A few months ago, one of my coworkers handed me a page marked in the new Food Network Magazine. I admit that I was a bit skeptical at first since I always assumed a lot of those recipes were a bit more Sandra Lee than Alton Brown (if you know what I mean...). It turns out, I was wrong! After reading the recipe for Cardamon-Semolina Shortbread Cookies, I realized that it seemed like something I would enjoy trying.

That night, after dinner and my shows were over, I wandered into the kitchen with the recipe and started mixing. The dough came together easily enough. It's a quickie slice-and-bake style that you pop in the fridge and can even keep in the freezer indefinitely. Never satisfied with leaving well enough alone, I decided to double the recipe and try out a second version with dried lavender and a lemon glaze on top.
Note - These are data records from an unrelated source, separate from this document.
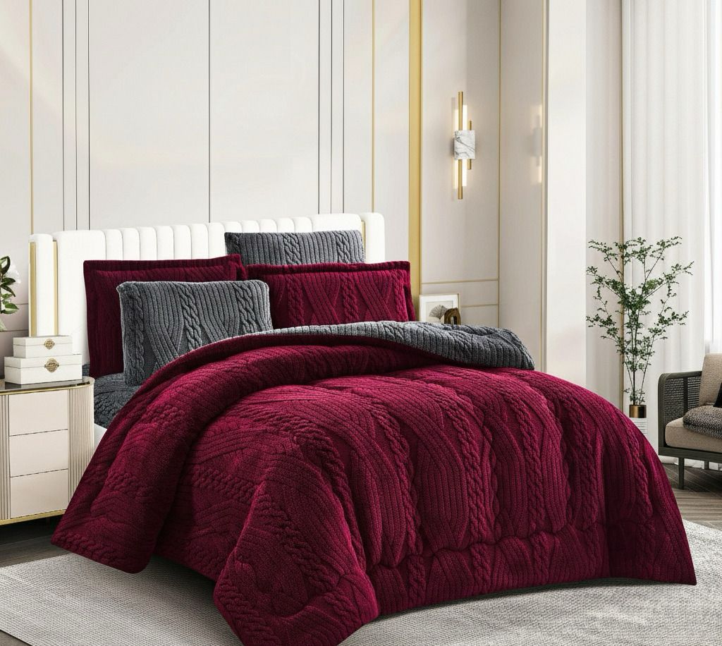 لحاف فندقي شتوي دبل فيس مع 4 قطع وملف فرشة
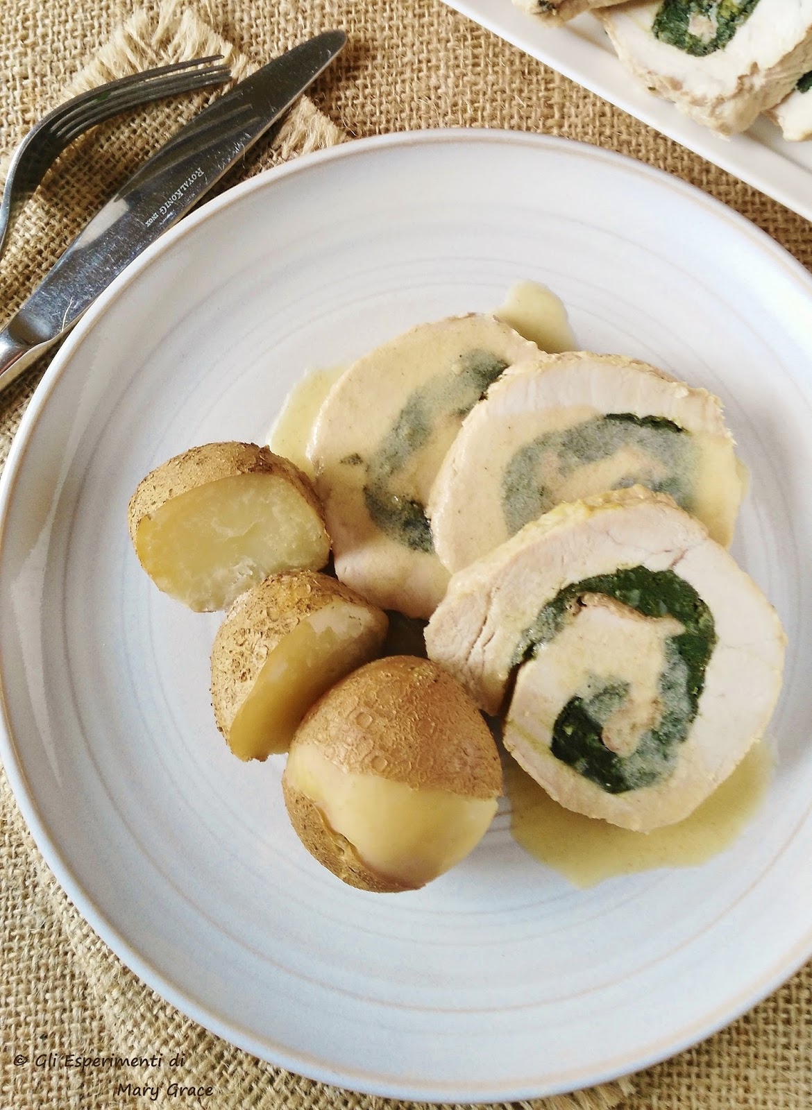 Raccogliere qualche cucchiaio del fondo di cottura della carne e trasferirlo in una ciotolina. Unire un cucchiaino di farina d’orzo e mescolare fino ad ottenere una cremina fluida e non troppo densa. Versare un velo di salsa sulle fettine di lonza arrotolata e servire con le patate al vapore.
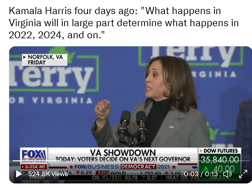 原來,就在幾天前,哈里斯為了給弗吉尼亞州民主黨籍候選人泰瑞·馬可利夫(Terry McAuliffe)助選,曾在後者的競選活動上強調説,此次州長選舉對美國的未來也有着重要的意義。
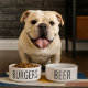 Esta tigela de cachorro minimalista apresenta a palavra "hambúrgueres" em texto negro em negrito em uma base cerâmica branca limpa. Projetado para amantes modernos de cães, ele combina estilo e humor em uma peça elegante e funcional. Perfeito para cães com atitude alimentar e pais de estimação que amam tendências, acessórios subestimados. Uma tigela de água correspondente com texto "cerveja" está disponível separadamente para completar a aparência.

Both cookies came out beautifully. The lavender ones were particularly pretty to look at with the glaze and little specks of purplish-lavender shining through. They tasted even better than they looked: buttery and with floral and spicy undertones. The semolina really transformed the texture of the cookies into something a bit more substantial than the usual crumbly shortbread. The irony of the whole thing is that I don't really even like shortbread, but I really enjoyed these. My coworkers gobbled up the batch I brought them, and Eugene and my dad took care of the rest.

Like I mentioned, the dough is the kind that you can prepare ahead of time and then just slice and bake as necessary. I still have a log of the cardamom-semolina in the fridge, just waiting for someone to drop by for tea.

Cardamom-Semolina Shortbread Cookies
Recipe adapted from Food Network Magazine


3 1/4 cups all-purpose flour
3/4 cup semolina flour
2 1/4 teaspoons ground cardamom
4 sticks unsalted butter, softened
1 3/4 cups sugar
1/4 teaspoon salt
2 large egg yolks
1 teaspoon orange-flower water


Sift together both flours and 2 teaspoons cardamom in a large bowl; set aside.

Using a mixer, beat the butter, 1 1/4 cups sugar and the salt in a large bowl until light and fluffy. Scrape down the sides of the bowl, then add the egg yolks; mix well. Add the dry ingredients and mix until just incorporated. Mix in the orange-flower water.

Divide the dough in half; place each half on a sheet of wax paper. Using the wax paper, roll each piece of dough into a 12-by-1 1/2-inch log. Wrap tightly and chill until firm, at least 1 hour.

Preheat the oven to 350 degrees. Mix the remaining 1/2 cup sugar and 1/4 teaspoon cardamom in a bowl. Slice one log of dough into 1/4-inch-thick rounds (keep the remaining log refrigerated). Dip the tops of dough rounds in the cardamom sugar and arrange on ungreased baking sheets; bake until golden brown, 12 to 15 minutes. Place the cookies on a wire rack to cool. Repeat with the remaining log of dough.

Lavender-Lemon Semolina Shortbread Cookies
Replace cardamom with equal amount of crushed dried lavender. Add 1 teaspoon of fresh lemon zest. Proceed with recipe as stated above. Top with lemon glaze (recipe follows).

Lemon Glaze


1.5 cups powdered sugar
3 tablespoons lemon juice
1 lemon, zested


Combine the powdered sugar, lemon juice, and lemon zest in a small bowl and stir until smooth making sure there are no lumps. Use a spoon to drizzle about 1/2-teaspoon onto each cooled cookie.

Let harden for about two hours (uncovered at room temperature), then store in an air-tight container for up to one week.